Just thought I'd share our expereinces of staying in Switzerland. 

As people on here had advised we had to buy the HGV tax when we got to the border. It took a while to sort out as we needed 11 days worth and neither of us could figure out the form which seemed to be written in all languages bar english (fair enough though - why should I expect it to be any different.). Stayed at Camping Seebucht in Zurich first of all. We'd chosen this sight as I was taking part in the Ironman triathlon and it was close to the start of the race. We weren't allowed to book in advance so when we arrived we were shocked to find it pretty full already. There were motorhomes and tents everywhere (see second photo). The owner said he had no more room! I asked if I could turn around and whilst I was doing this he 'found' us a place. If you look at the first picture, out MH is the Adria. However it was a place to stay. One evening my wife opened the window slightly. The windows are of the type whereby you have to fully extend them to close them. This was not possible due to the close proximity of the neighbouring MH. We had to unscrew the window support arms to close the window! It was very expensive considering the average facilities. Unless you want to be close to the centre of Zurich, I wouldn't recommend this site.  

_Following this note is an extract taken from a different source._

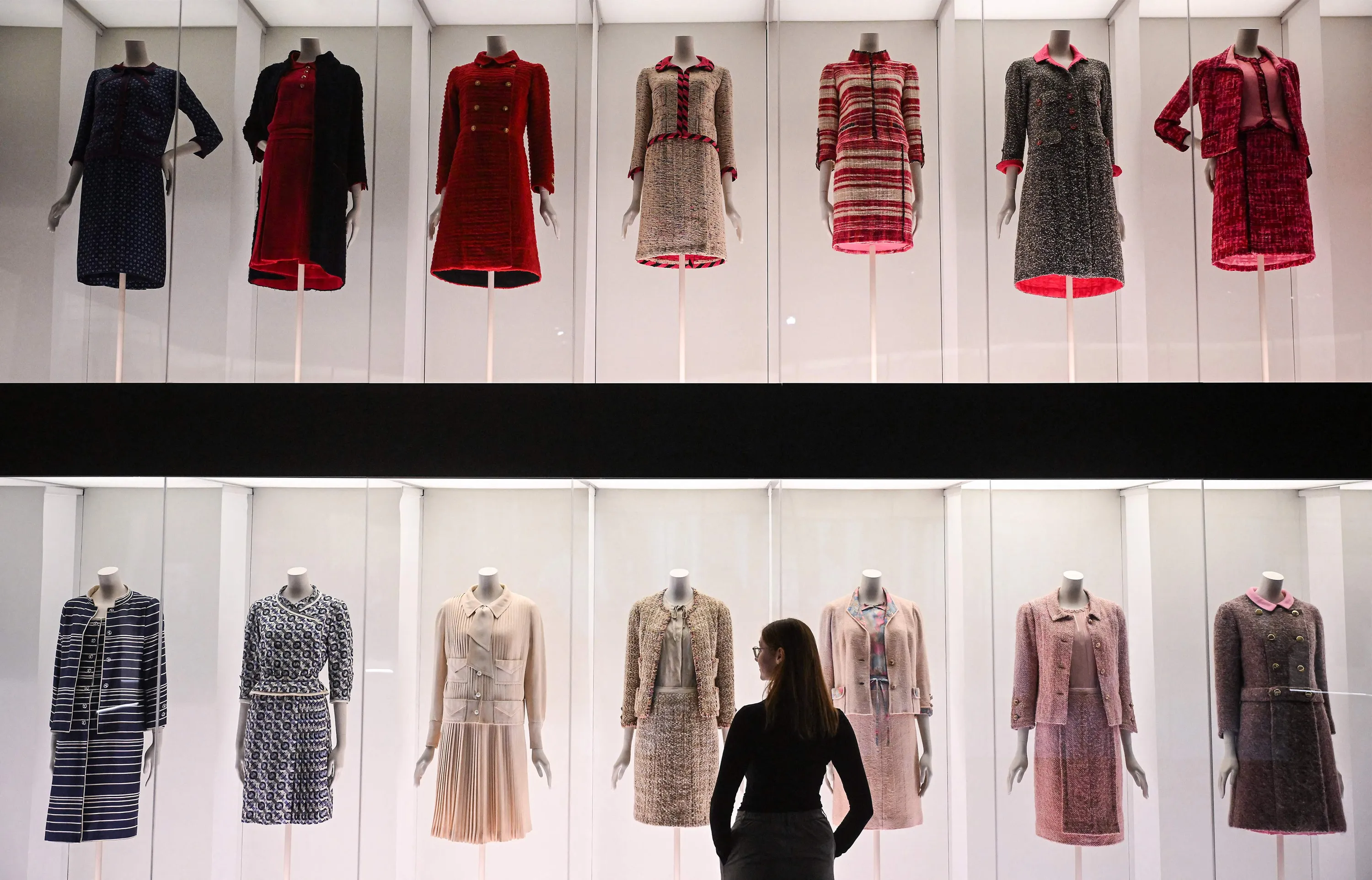 Members of staff looks at the different dresses and outfits displayed during the press photocall for the exhibition “Gabrielle Chanel, Fashion Manifesto” at the V&A museum in London, on September 12, 2023. “Gabrielle Chanel, Fashion Manifesto” is the first UK major exhibition dedicated to the work of the pioneering French fashion designer. It will run from September 16, 2023 to February 25, 2024. (Photo by Justin Tallis/AFP Photo)

We didn't stay at this site long and moved on to Lazy Rancho in Interlaken. What a difference. The view from the motorhome was stunning (sorry pictures larger than 1mb and so can't upload). We could see the Eiger, the Monch and the Jungfrau. Beautiful location. Lots to see and do. Buses etc on time. We even had a go at paragluiding (that's myself, the wife and daughters aged 9 and 5!). The site was brilliant and the owners really friendly and helpful. We had our own tap and drain on our pitch.  

The roads were fantastic. What's more as a pedestrian even if you turned to face the road the drivers would stop in anticipation of you crossing. The drivers were very tollerant of other road users including MH's, caravans and cyclists (which is more than can be said for some of the posters on here!).

I'm sad it came to an end so quickly. Would definitely go back but will have to save up first!

Even bought a cuckoo clock and cow bell!


----------